A diamond geezer

14 February 2002 by
A diamond geezer

In the third part of their exploration of the Antipodes, former Claridge's general manager Ron Jones and his wife Eve investigate contrasting examples of the Australian hospitality industry, from Parramatta's colourful inns to Sydney's swish 41 restaurant.

Manly, New South Wales, 23 January. A leisurely river-cat cruise up the Parramatta River took us to view a couple of Australia's earliest licensed premises. Inns were licensed as early as 1798 in New South Wales's second city, where not only the first farm but the first vineyard was established.

One of the notorious early licensees was John Hodges, a freed but not altogether reformed convict whose licence was granted in 1818 by Governor Macquarie. His inn was the Brislington, a fine four-square brick building, and Hodges is said to have won the land on which he built it in a card game with a fellow convict. The eight-diamond pattern of bricks on the north side of the house is testament to his lucky card.

Today, the Brislington is a medical and nursing museum. The Woolpack, on the other hand, straddles a busy corner of Parramatta, still every inch the galleried, Wild West-style pub it was in 1821 when it was the Freemasons' Arms. Governor Macquarie visited once but declared it too crowded and demanded "better provision for gentlemen". He ordered licensee Andrew Nash to extend the hotel, and the extra portion catered for officers and gentry, leaving the main bar for "soldiers, farmers and general trade".

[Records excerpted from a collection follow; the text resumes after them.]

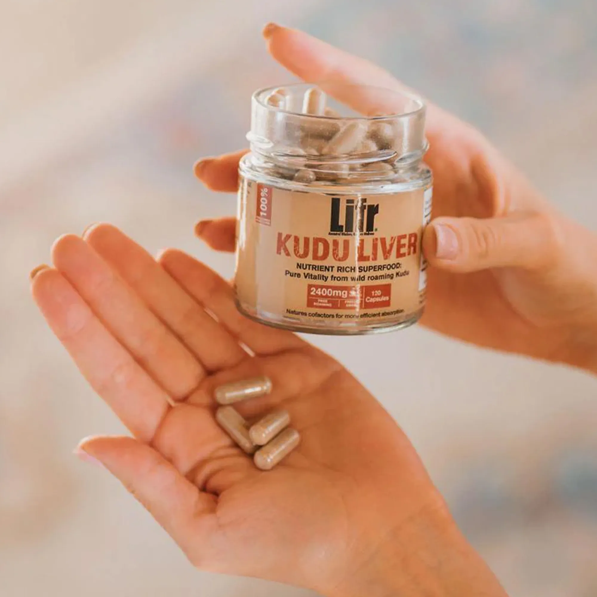 Lifr Kudu Liver Capsules provide a powerful, natural source of essential nutrients derived from pure freeze-dried kudu liver. Sourced from wild African kudu, these capsules deliver a convenient way to enjoy the benefits of one of nature’s most nutrient-dense foods without the taste of liver.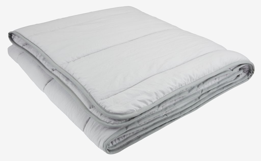 Een heel licht en zacht dekbed. Qua warmte precies goed voor mij!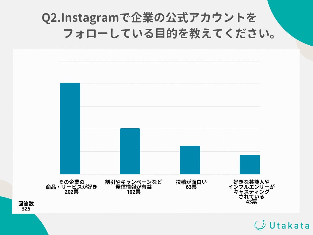 「Instagramで企業の公式アカウントをフォローしている目的を教えてください。」と質問したところ、「その企業の商品・サービスが好き」が202票、「割引やキャンペーンなど発信情報が有益」が102票、「投稿が面白い」が63票、「好きな芸能人やインフルエンサーがキャスティングされている」が43票という回答となりました。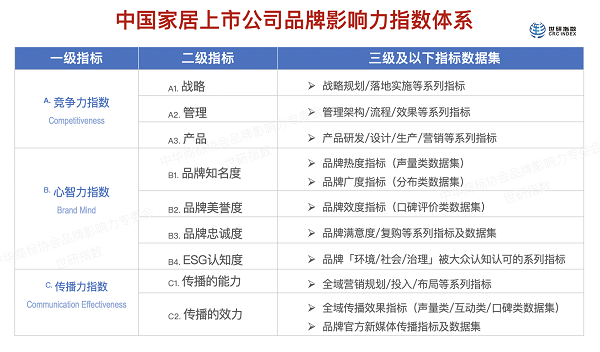 该指数以中国家居领域的上市公司为品牌主体,评估其在中国消费者群体中的心智认知、价值认同的综合指数模型,由竞争力指数、心智力指数和传播力指数构成。上榜的30家上市公司标杆品牌,包括:欧派家居、顾家家居、索菲亚、美凯龙、居然之家、喜临门、公牛集团、慕思股份、东方雨虹、志邦家居、金螳螂、东鹏控股、水星家纺、三棵树、欧普照明、好莱客、尚品宅配、箭牌家居、我乐家居、兔宝宝、金牌厨柜、富安娜、曲美家居、美克家居、蒙娜丽莎、惠达卫浴、北新建材、梦洁股份、大亚圣象、东易日盛。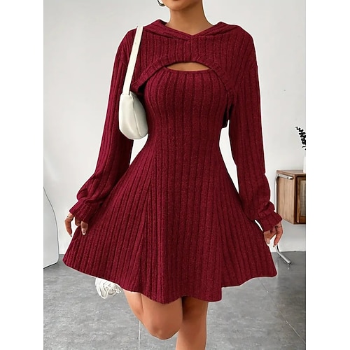 Per donna Insieme del vestito Abito a trapezio Elegante Semplice Arricciato Mini Abito Manica Lunga Con Cappuccio All'aperto Vacanza Nero Vino Albicocca Primavera Autunno Vestibilità regolare

Parramatta had 17 inns by 1815, though only seven remained in 1820 - the hospitality business was fickle even then. Pubs, however, proliferated. By 1855, there was one for every five dwelling houses in Church Street alone, enough to cause a newspaper reporter to write: "…a stranger must be struck with the immense number of those sources of riot - public houses - with which the town is studded all over."

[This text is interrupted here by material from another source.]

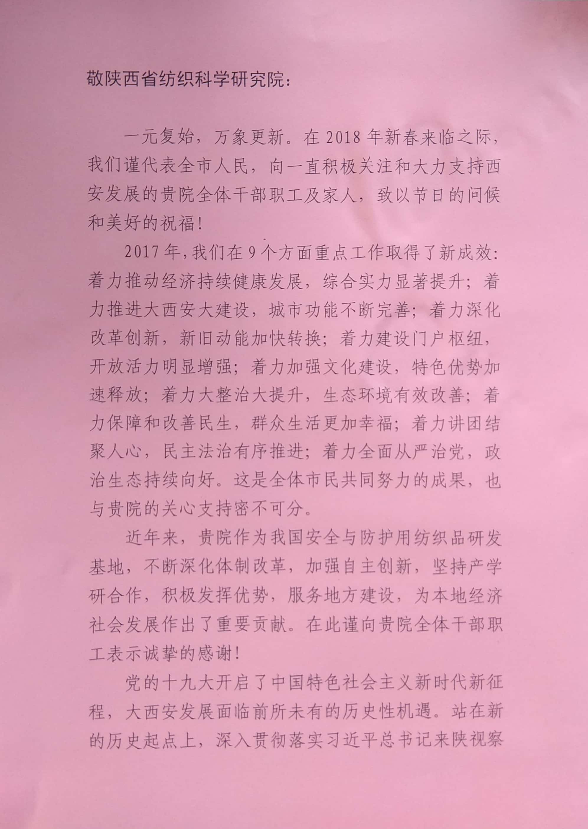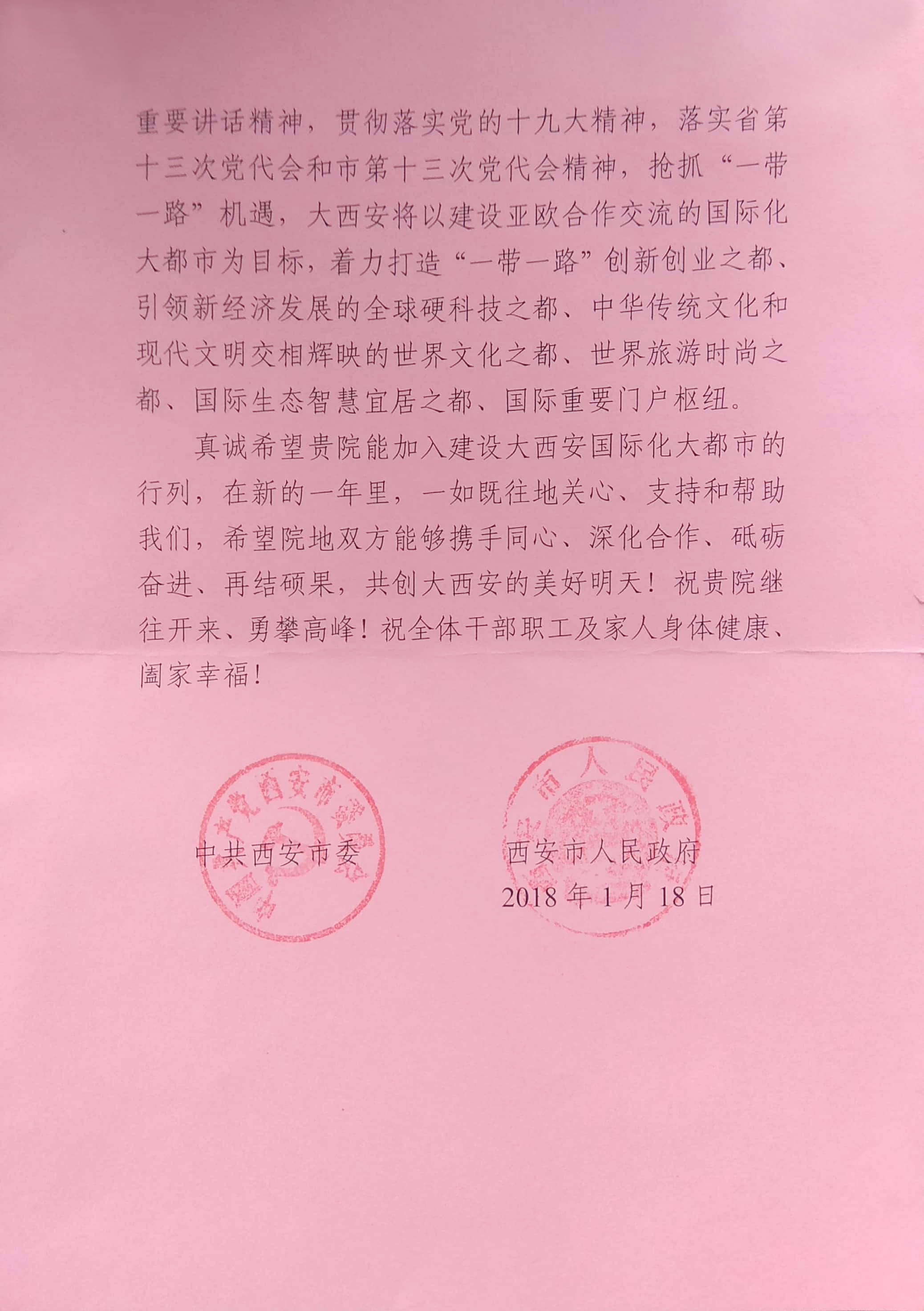 2月6日,西安市人大领导代表西安市市委、市政府为我院送来新春贺信, 向一直积极关注和大力支持地方发展的我院全体干部职工及家人,送来了节日的问候和美好的祝福!

Yen for a barbie Sydney abounds with quirky restaurants, including our next-door neighbour, Suminoya, where if you don't eat up, you pay up! Its speciality is scichirin, a kind of Japanese barbecue it claims to be the healthy traditional way of cooking meats and seafood.

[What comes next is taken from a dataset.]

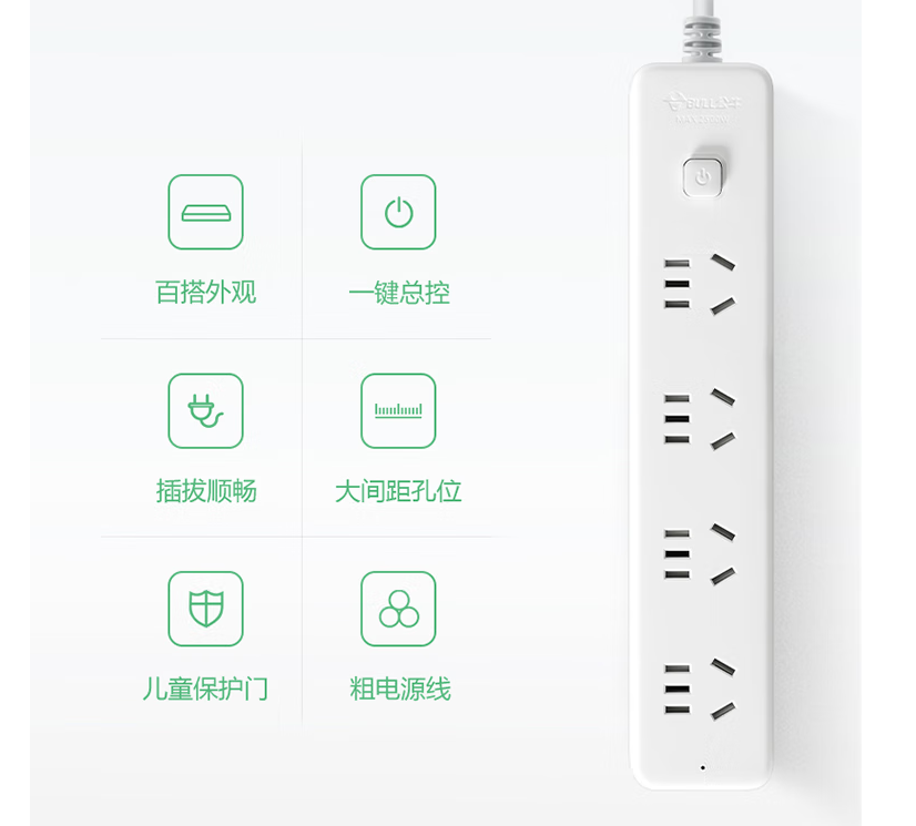 公牛/BULL GN-B2040 插座 新国标插座/插线板/插排/排插/接线板/拖线板 4位总控开关全长2米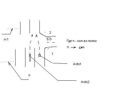 Добавил схемку которая родилась при таком же споре ... Краткие комментарии к схеме: Между точкой 1 и 2 - разметки не существует. Знаков тоже нет. Остальное вродеб-то понятно по схеме. Почему Avto2 имеет приоритет лично для меня огромная загадка. Но, как показывает спор в этой ветке, и инструкторы в автошколах считают, что таки да, оно имеет преимущество ... Посему лично я когда еду на том перекрестке, стараюсь на всяк случай две полосы занимать, если не получается - пропускаю, вне зависимости на месте какого автомобиля я оказался. Несмотря на то, что я полностью уверен - согласно ПДД, преимущество имеет Avto1.

Dinner comes as a series of courses - sashimi or marinated squid, then salad, soup, rice and your yakiniku (barbecue). Strips of raw beef, pork rib, chicken, "beef intestine" and vegetables are brought to the table along with a charcoal grill for DIY cooking. Despite the special air conditioning, our eyes were soon streaming from the blue smoke rising from our own and every other table.

The menu advises: "Due to health regulations requiring use of disposable mesh for BBQ, an extra charge of $2 per mesh applies." Patrons are asked to desist from ordering "unnecessary food" and gently informed: "We may ask you to pay for substantial leftovers." We didn't have to - it was too good to waste.

Gentlemanly encounter Funny how things come full circle in the hospitality business. I remember disgraced Australian tycoon Alan Bond as a regular guest at the Athenaeum hotel in Piccadilly while I was manager there in the 1970s. I used to have to ask him to get his feet off the (brand new) coffee tables in the Windsor Lounge.

Now, here I stand, making use of the facilities in the gents' cloakroom of Sydney's smartest restaurant, 41, with walls of glass giving stupendous views over the city, Sydney Harbour Bridge and the ocean from 41 floors up. And the world's most spectacular gents' is the erstwhile marbled bathroom of Bondy's penthouse, inhabited by him before his fall from grace.

Training by degrees at Inter-Continental
When the shortage of trained staff became acute in 1989, Sydney's Hotel Inter-Continental came up with a unique solution: it opened its own hotel school. It began by offering one-year City & Guilds courses, with jobs guaranteed on completion. And, like Topsy, the school has hardly stopped growing.

For the past five years, though still administered by the hotel next door, the school has been affiliated to Southern Cross University, which sets programmes and standards. The school now offers a two-year diploma course and a three-year bachelor's degree course in hospitality and tourism studies. Year one is still given over to practical C&G courses - 20 weeks of study, 20 weeks working in the hotel - and students can choose culinary craft skills, front office or F&B service.

Students pay $12,900 a year (about £4,500) for tuition and degrees are conferred in a graduation ceremony at which the university chancellor officiates. Student intake is 350 over the three years, and many graduates now occupy senior positions in the hospitality and tourism industry throughout Australia and the Far East.

Mastering gastronomy
Adelaide University is claiming a world first. In conjunction with the Cordon Bleu School there, it is offering a full-time Master's degree course in gastronomy, starting this summer. The syllabus includes such topics as the cultural aspects of food and cooking, history of dining, recipes and cuisine "from Escoffier to Jamie Oliver".

And it aims, it says, to put gastronomy right up there with art and architecture, where it belongs.